Mission simulation [36,37] is run at the end of each iteration, considering the highest-fidelity aerodynamic data available at each design step. The software ASTOS (release 9.17), by Astos Solutions GmbH (Stuttgart, Germany), is used to perform the simulations. The range requirement is set at 6500 km in order to be able to cover a transatlantic mission between Europe and North America. The aerodynamic database is one of the main inputs, together with the vehicle geometric data and the propulsive database.

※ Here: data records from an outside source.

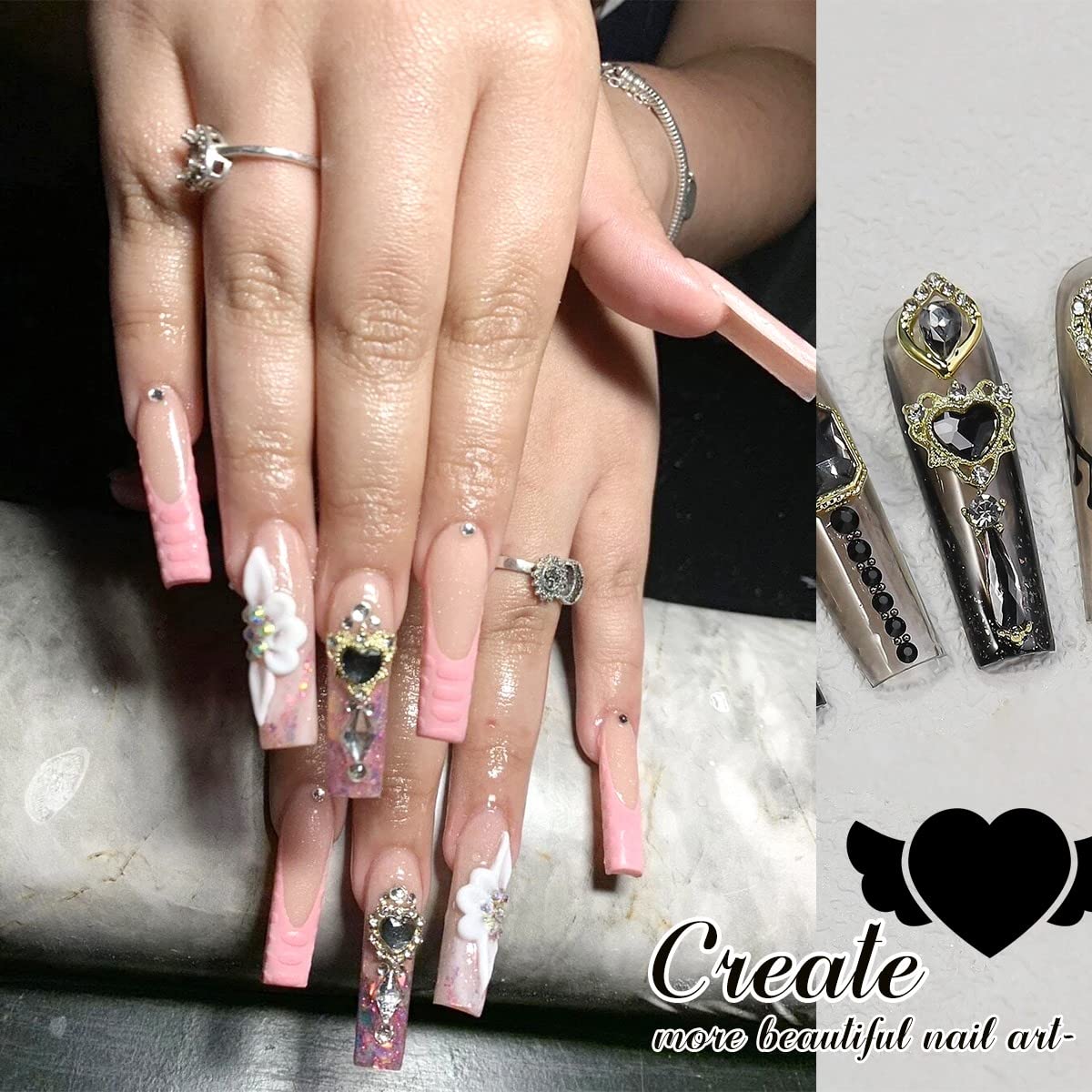 - ❤【3D Black Nail Jewelry & Safety Material】Our Luxury nail decorations are made of 3D alloy, hard and not easily break, have delicate surfaces and are well made with long-lasting brightness and gloss, light and easy to use for a long time, suitable for experienced manicurists and learners. 3D acrylic nail accessories are made of environmentally friendly materials, No damage to fingernails, any style of nails can use it.
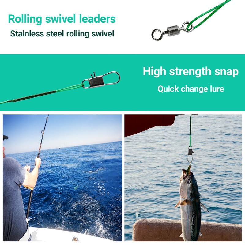 - Flexibility and Ease of Use: With a secure snap mechanism, attaching and detaching your fishing lines and lures has never been easier, saving you time and effort. Whether you're targeting big game fish in the ocean or freshwater species in rivers and lakes, our steel fishing leaders are designed to handle the challenge with ease.The smooth, high speed swivels ensure that your fishing line remains twist free, allowing your lure to move naturally and attract more fish.
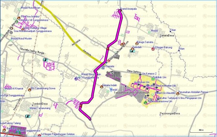 Hapus unpaved road dari S5.20451 E119.58949 ke S5.20319 E119.59749 (udah dipagari permanen ama investor lapangan golf)
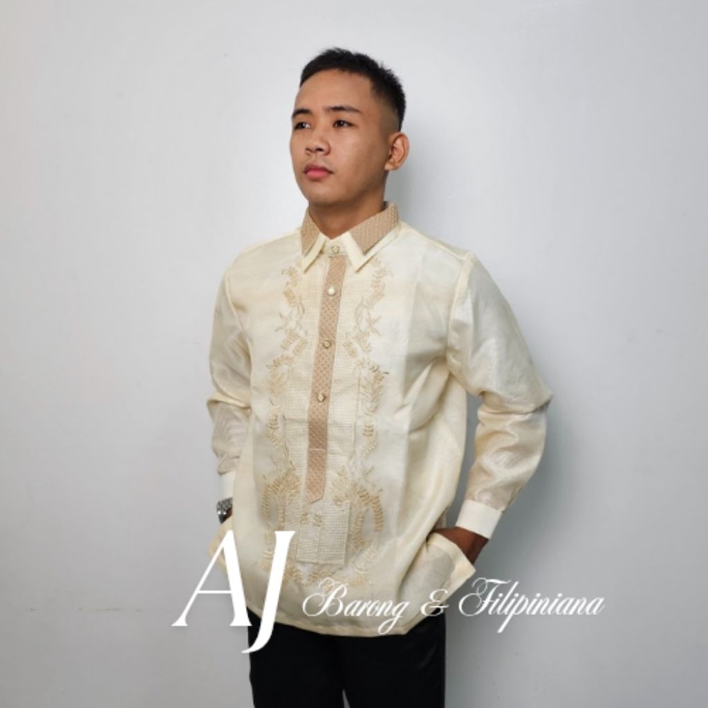 Mall quality modern barong Tagalog double lining pinya organza and geena - random burda
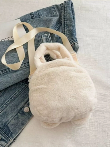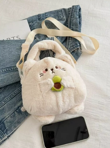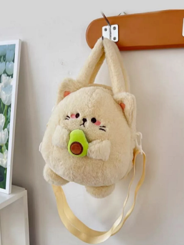 Сумочка плюшевая Котик бежевый с авокадо 20 см, ремешок в комплекте.

4. Aerodatabase Building for CS-1

4.1. Case Study

In Figure 3, the reader can find some of the configurations to be analyzed in the framework of the MORE&LESS project. On the left is a Mach 2 “Concorde-like” with biofuel as propellant (CS1, Case Study 1), in the center is an experimental Mach 5 Hypersonic Test Bed (HTB) by Reaction Engines Ltd. (CS2, Case Study 2), and on the right is a Mach 5 scramjet civil aircraft derived from the Mach 8 Stratofly vehicle (CS3, Case Study 3), where the last two are fueled with liquid hydrogen. In this paper, the first configuration, the “Concorde-like” CS1, is considered the general procedure similar for all the vehicles. For the vehicle CS1, the experimental activities are not foreseen and the aerodynamic data are only based on CFD simulations.
The CS-1 vehicle (Figure 4) is a Concorde-like commercial Mach 2 aircraft very similar to the well-known, out-of-service Aérospatiale-BAC Concorde. The main geometrical quantities are the same; in particular, a total length of 62.3 m, a wing span of 25.60 m, and the following reference quantities: Sref = 332.6 m2; Lref = 27.66 m.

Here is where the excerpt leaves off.